▸ **LISTED RECORDS**:
»»

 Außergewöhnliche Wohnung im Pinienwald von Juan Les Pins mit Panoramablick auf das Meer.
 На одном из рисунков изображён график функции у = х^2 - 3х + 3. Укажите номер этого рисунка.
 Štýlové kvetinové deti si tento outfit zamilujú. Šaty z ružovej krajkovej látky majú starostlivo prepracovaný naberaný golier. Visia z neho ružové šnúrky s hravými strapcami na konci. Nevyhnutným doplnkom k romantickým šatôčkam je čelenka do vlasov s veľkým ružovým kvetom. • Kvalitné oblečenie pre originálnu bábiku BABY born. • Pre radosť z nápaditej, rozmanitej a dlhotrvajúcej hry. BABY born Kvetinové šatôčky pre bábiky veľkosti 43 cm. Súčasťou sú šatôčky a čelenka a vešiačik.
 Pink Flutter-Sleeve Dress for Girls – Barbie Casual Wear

««
»»

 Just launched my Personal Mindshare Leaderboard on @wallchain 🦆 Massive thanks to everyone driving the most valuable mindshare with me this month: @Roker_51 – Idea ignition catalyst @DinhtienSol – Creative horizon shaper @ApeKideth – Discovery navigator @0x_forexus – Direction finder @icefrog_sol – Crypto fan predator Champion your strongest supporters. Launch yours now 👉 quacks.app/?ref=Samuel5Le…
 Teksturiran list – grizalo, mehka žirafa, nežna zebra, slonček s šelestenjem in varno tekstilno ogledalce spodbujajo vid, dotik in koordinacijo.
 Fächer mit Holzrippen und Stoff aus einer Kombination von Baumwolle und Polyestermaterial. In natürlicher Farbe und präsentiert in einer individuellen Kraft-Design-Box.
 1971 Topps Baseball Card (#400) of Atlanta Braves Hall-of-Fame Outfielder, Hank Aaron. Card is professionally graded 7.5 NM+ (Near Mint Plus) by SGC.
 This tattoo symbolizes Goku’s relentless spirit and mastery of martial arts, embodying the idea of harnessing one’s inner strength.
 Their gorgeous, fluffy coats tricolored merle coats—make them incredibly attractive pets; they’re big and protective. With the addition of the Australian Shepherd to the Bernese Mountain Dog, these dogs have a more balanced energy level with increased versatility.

««
»»

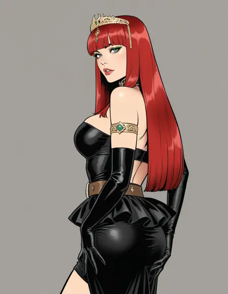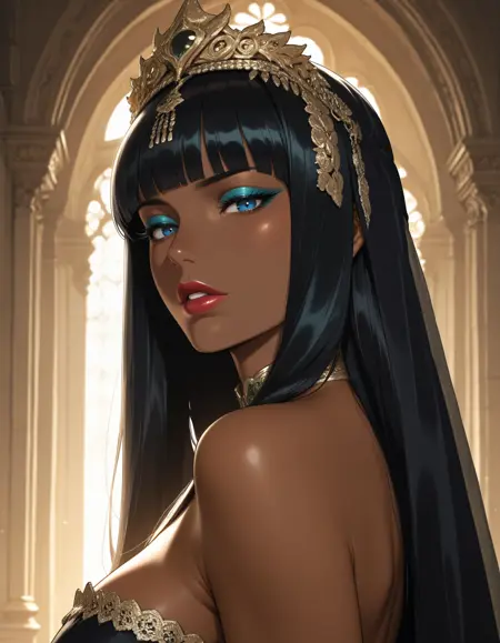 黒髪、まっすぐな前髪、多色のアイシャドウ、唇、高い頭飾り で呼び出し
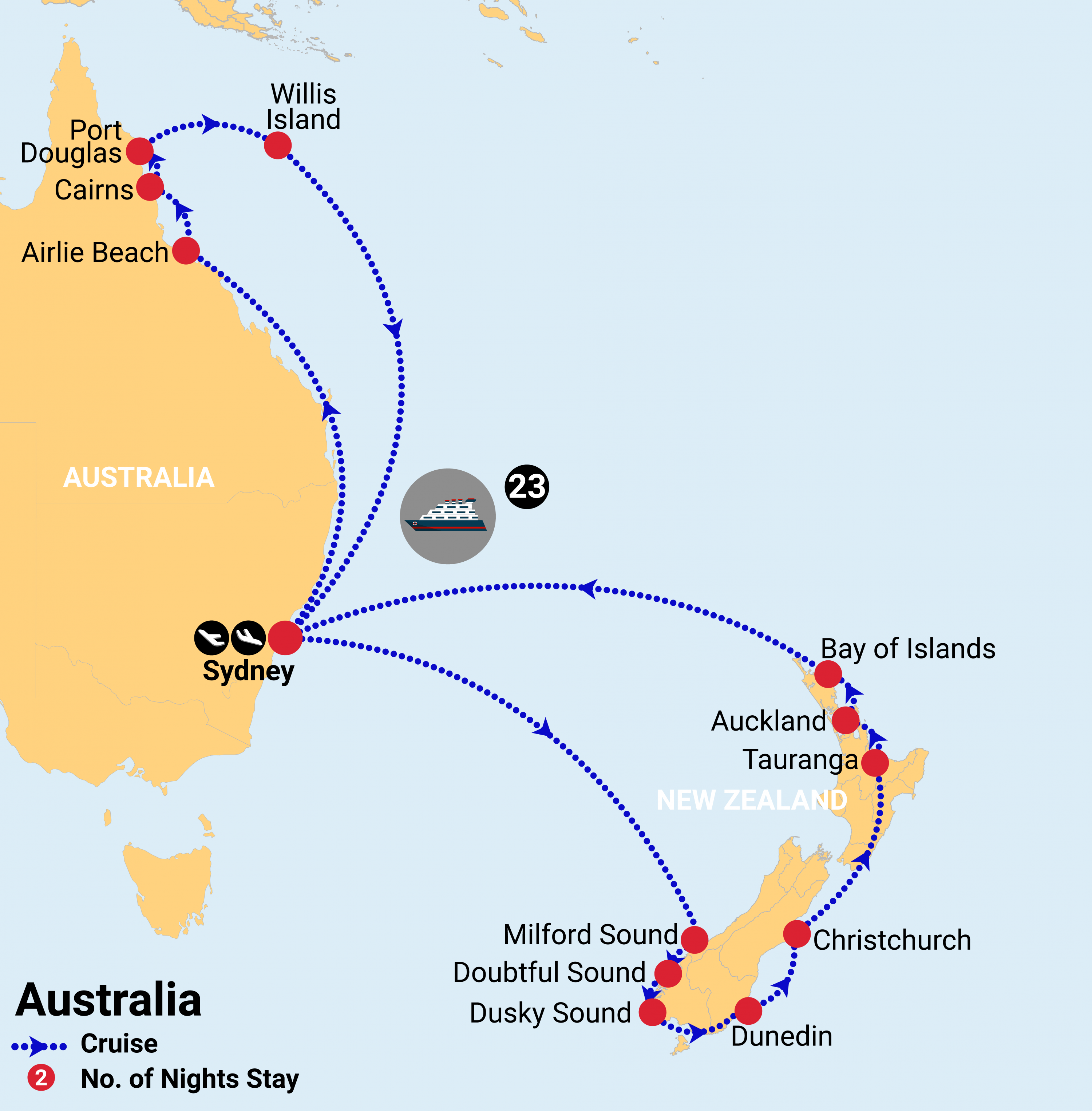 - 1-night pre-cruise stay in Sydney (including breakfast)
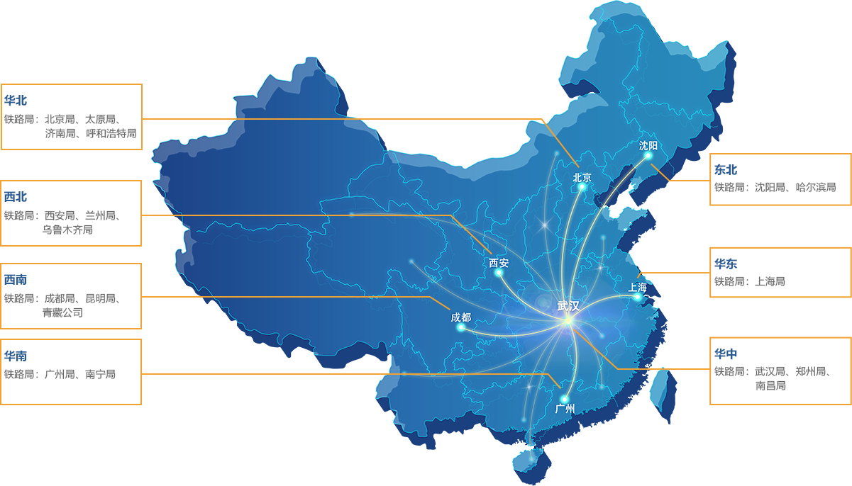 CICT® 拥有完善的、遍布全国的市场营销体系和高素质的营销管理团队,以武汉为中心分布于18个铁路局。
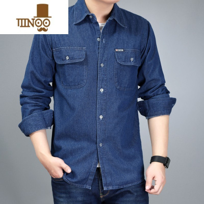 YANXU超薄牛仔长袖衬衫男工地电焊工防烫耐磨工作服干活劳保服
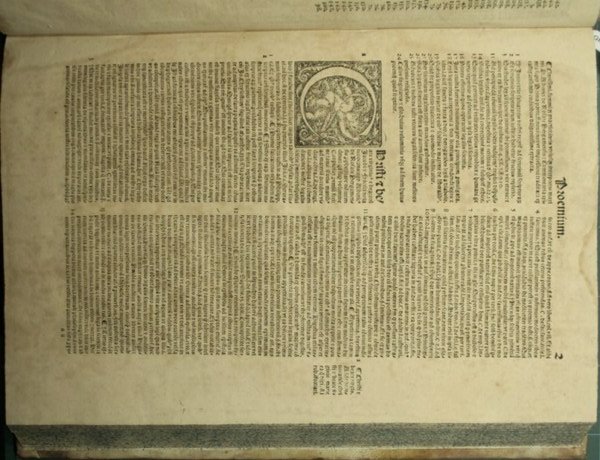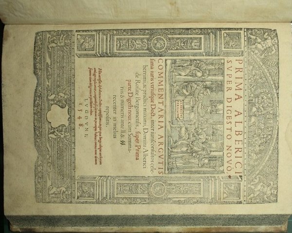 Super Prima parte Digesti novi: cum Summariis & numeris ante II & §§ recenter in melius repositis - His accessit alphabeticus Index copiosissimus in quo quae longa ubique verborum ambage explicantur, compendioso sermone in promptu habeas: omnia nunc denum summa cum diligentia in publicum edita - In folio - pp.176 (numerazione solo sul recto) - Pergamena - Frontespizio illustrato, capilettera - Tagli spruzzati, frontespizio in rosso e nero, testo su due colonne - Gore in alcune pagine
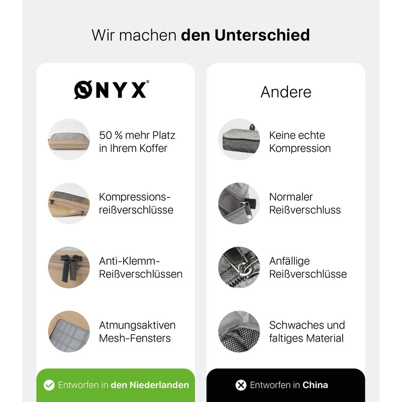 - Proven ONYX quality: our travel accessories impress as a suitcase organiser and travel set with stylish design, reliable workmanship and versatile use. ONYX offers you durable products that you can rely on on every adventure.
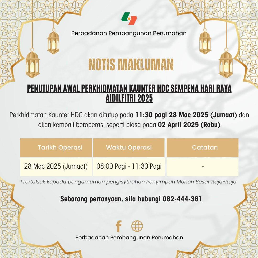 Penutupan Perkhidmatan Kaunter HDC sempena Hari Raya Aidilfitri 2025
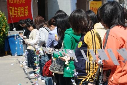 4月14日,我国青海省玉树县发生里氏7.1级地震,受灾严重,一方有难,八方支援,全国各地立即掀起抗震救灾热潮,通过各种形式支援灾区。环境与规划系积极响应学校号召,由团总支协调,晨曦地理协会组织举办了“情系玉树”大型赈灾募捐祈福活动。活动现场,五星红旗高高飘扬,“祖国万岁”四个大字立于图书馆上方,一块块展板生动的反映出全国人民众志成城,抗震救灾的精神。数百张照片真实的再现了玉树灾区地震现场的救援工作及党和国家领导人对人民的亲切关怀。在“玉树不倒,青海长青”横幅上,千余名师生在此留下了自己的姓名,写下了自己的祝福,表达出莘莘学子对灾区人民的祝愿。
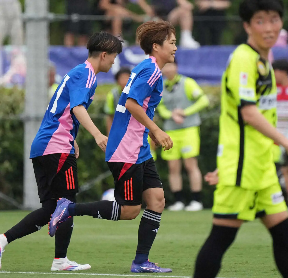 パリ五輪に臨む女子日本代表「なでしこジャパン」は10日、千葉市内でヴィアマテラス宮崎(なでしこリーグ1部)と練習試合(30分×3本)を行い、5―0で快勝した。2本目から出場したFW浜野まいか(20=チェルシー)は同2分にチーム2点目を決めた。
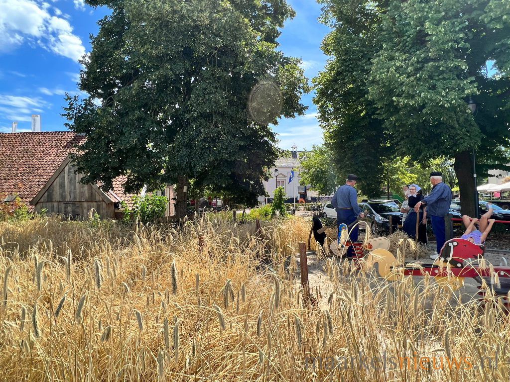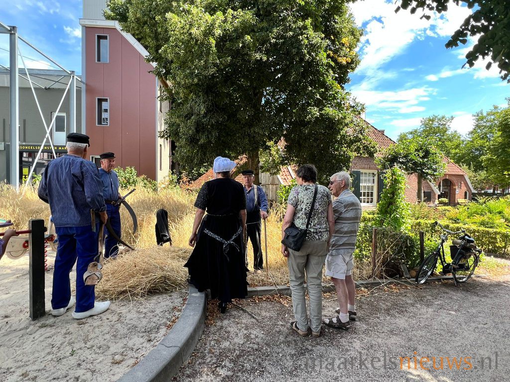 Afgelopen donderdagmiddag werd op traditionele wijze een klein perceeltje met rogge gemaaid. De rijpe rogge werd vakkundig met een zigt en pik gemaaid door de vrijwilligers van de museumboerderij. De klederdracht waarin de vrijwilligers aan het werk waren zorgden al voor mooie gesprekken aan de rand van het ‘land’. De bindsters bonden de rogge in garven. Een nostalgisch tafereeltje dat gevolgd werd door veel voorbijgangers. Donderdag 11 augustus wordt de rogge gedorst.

««

▸ **THE PROBLEM**: An exact copy is needed of the stretch above that opens with the line containing "YANXU超薄牛仔长袖衬衫男工地电焊工防烫耐磨工作服干活劳保服" and closes with the line containing "Super Prima parte"; the pictures are not part of it.

▸ **ANSWER TO THIS PROBLEM**:
 YANXU超薄牛仔长袖衬衫男工地电焊工防烫耐磨工作服干活劳保服
 Super Prima parte Digesti novi: cum Summariis & numeris ante II & §§ recenter in melius repositis - His accessit alphabeticus Index copiosissimus in quo quae longa ubique verborum ambage explicantur, compendioso sermone in promptu habeas: omnia nunc denum summa cum diligentia in publicum edita - In folio - pp.176 (numerazione solo sul recto) - Pergamena - Frontespizio illustrato, capilettera - Tagli spruzzati, frontespizio in rosso e nero, testo su due colonne - Gore in alcune pagine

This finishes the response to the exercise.